(Data items)

<<<<

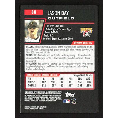 This is a 2006 Bowman Jason Bay baseball card. The card is #30 and pictures show condition.
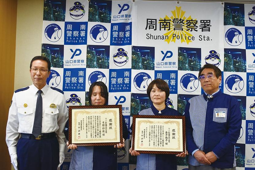 周南警察署は7日、うそ電話詐欺の被害を防いだ周南市のローソン新南陽土井1丁目店(吉松敏裕オーナー)のアルバイト従業員、月野彩佳(さやか)さん(26)と金子祐子...
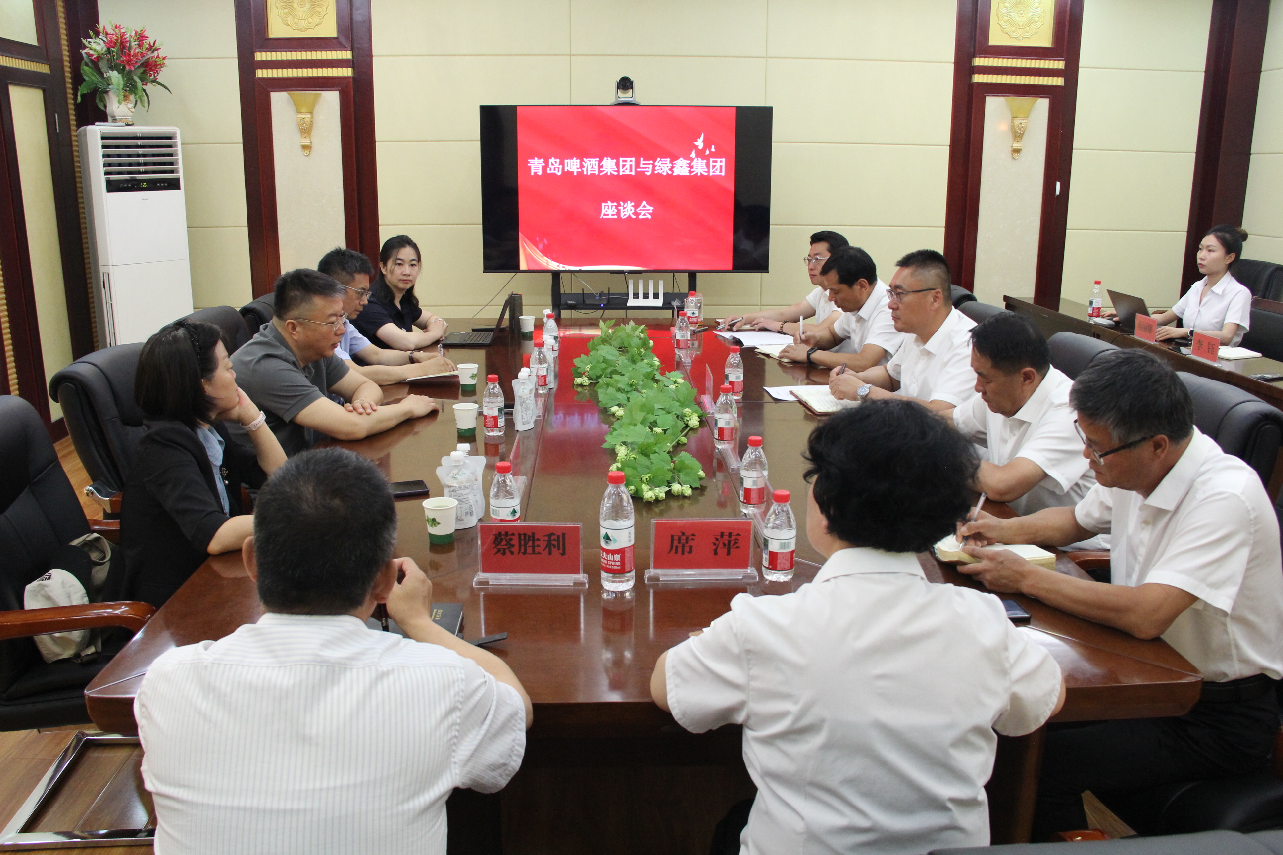 近日,青岛啤酒集团采购管理部总经理董钢、研发中心副主任余俊红一行到亚盛绿鑫集团考察交流,双方围绕啤酒花采收加工工艺优化、产业链延伸等5个方面展开深度研讨。
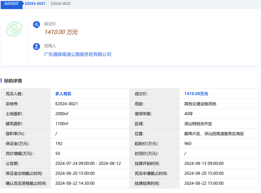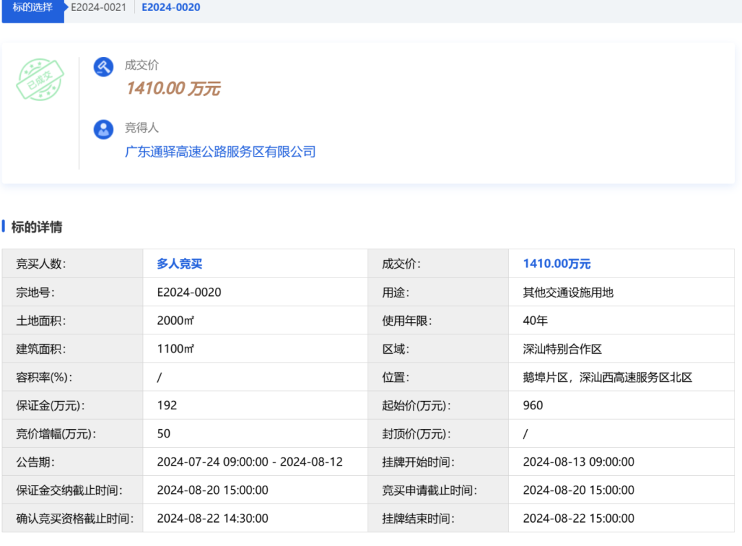 由广东通驿高速公路服务区有限公司竞得
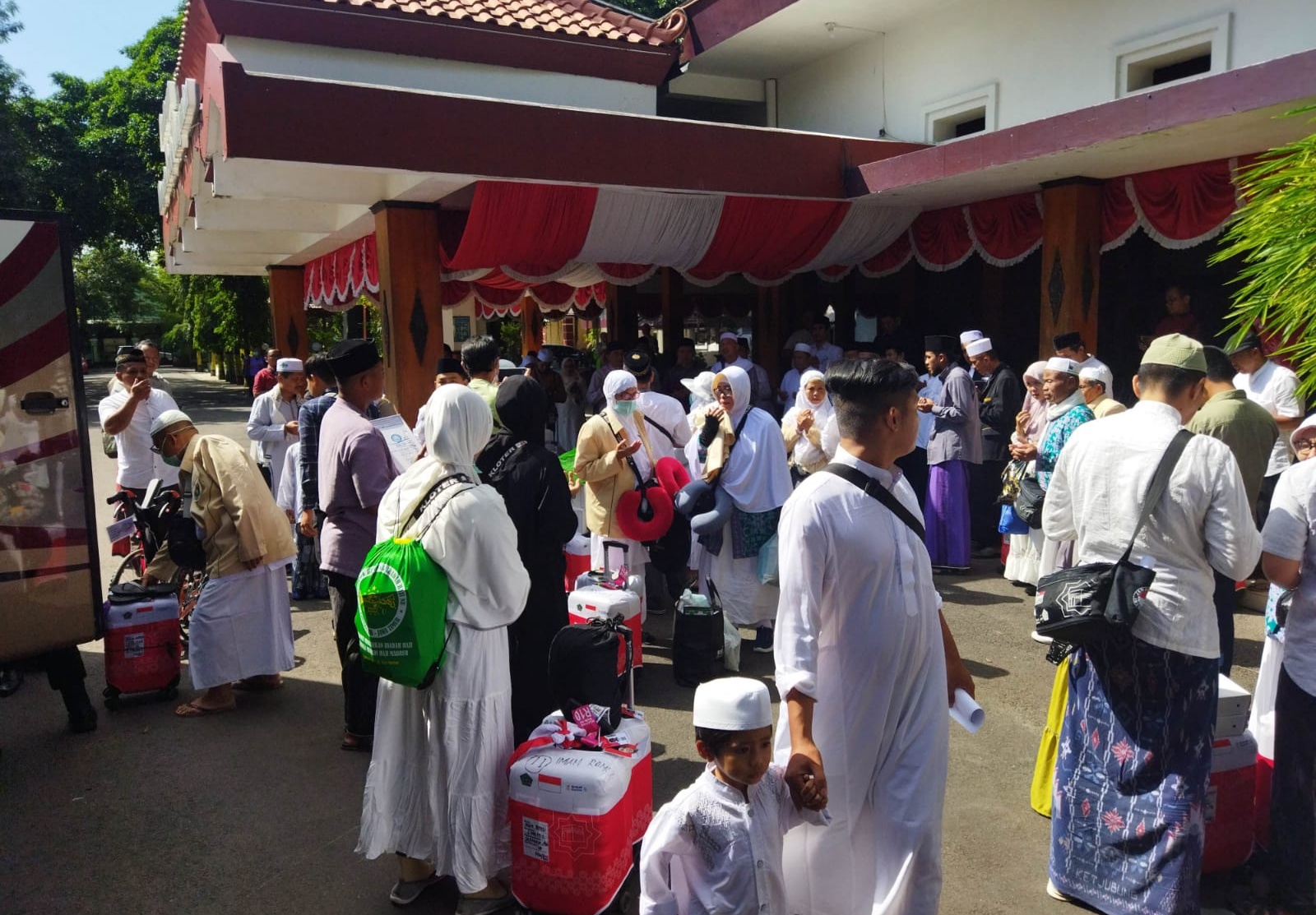 Untuk keluarga yang akan menjemput jemaah haji hanya bisa mendekat sampai depan komplek Pendapa Manggala Praja Nugraha. Sedangkan yang bisa masuk hanya satu mobil dari setiap keluarga jemaah untuk menjemput jemaah.
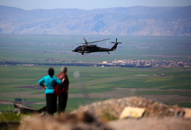 Photo : un hélicoptère médical, de la coalition dirigée par les États-Unis, survole le site des frappes aériennes turques près du nord-est de la ville kurde syrienne de Dayrik, connue sous le nom d’al-Malikiyah en arabe, le 25 avril 2017 (AFP).
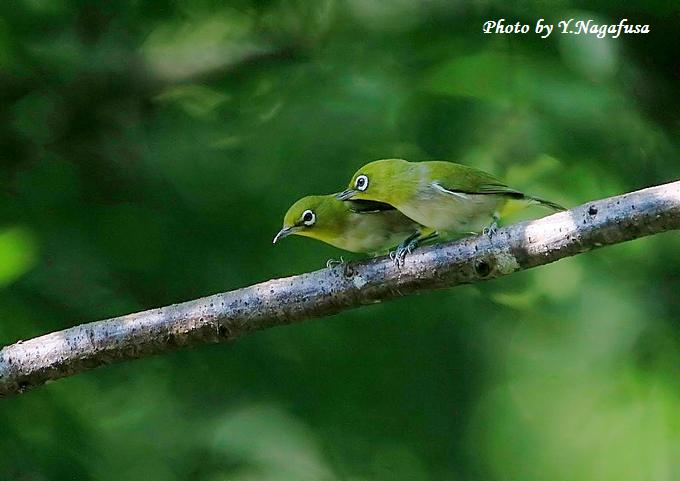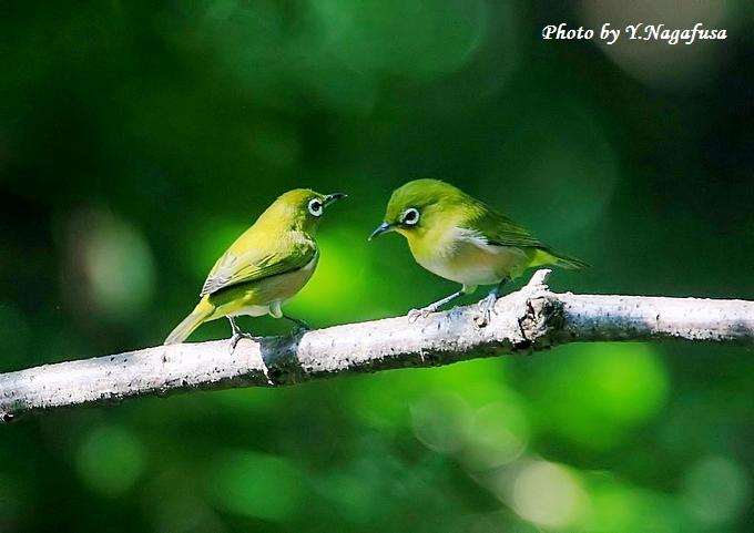 2015年9月20日 メジロ 枝留まり 本日はエゾビタキに遊んでいただきました。 9月14日撮影のメジロです。 この日、メジロのほほえましい場面が撮れました。 メジロが並びました。 日向と日陰で色が変わります。

>>>>

• **Your instructions**: Nothing but the lines from the one holding "近日,青岛啤酒集团采购管理部" through the final line of the entries should be retyped, exactly as they stand and without pictures.

• **Answer for the task**:
 近日,青岛啤酒集团采购管理部总经理董钢、研发中心副主任余俊红一行到亚盛绿鑫集团考察交流,双方围绕啤酒花采收加工工艺优化、产业链延伸等5个方面展开深度研讨。
 由广东通驿高速公路服务区有限公司竞得
 Untuk keluarga yang akan menjemput jemaah haji hanya bisa mendekat sampai depan komplek Pendapa Manggala Praja Nugraha. Sedangkan yang bisa masuk hanya satu mobil dari setiap keluarga jemaah untuk menjemput jemaah.
 Photo : un hélicoptère médical, de la coalition dirigée par les États-Unis, survole le site des frappes aériennes turques près du nord-est de la ville kurde syrienne de Dayrik, connue sous le nom d’al-Malikiyah en arabe, le 25 avril 2017 (AFP).
 2015年9月20日 メジロ 枝留まり 本日はエゾビタキに遊んでいただきました。 9月14日撮影のメジロです。 この日、メジロのほほえましい場面が撮れました。 メジロが並びました。 日向と日陰で色が変わります。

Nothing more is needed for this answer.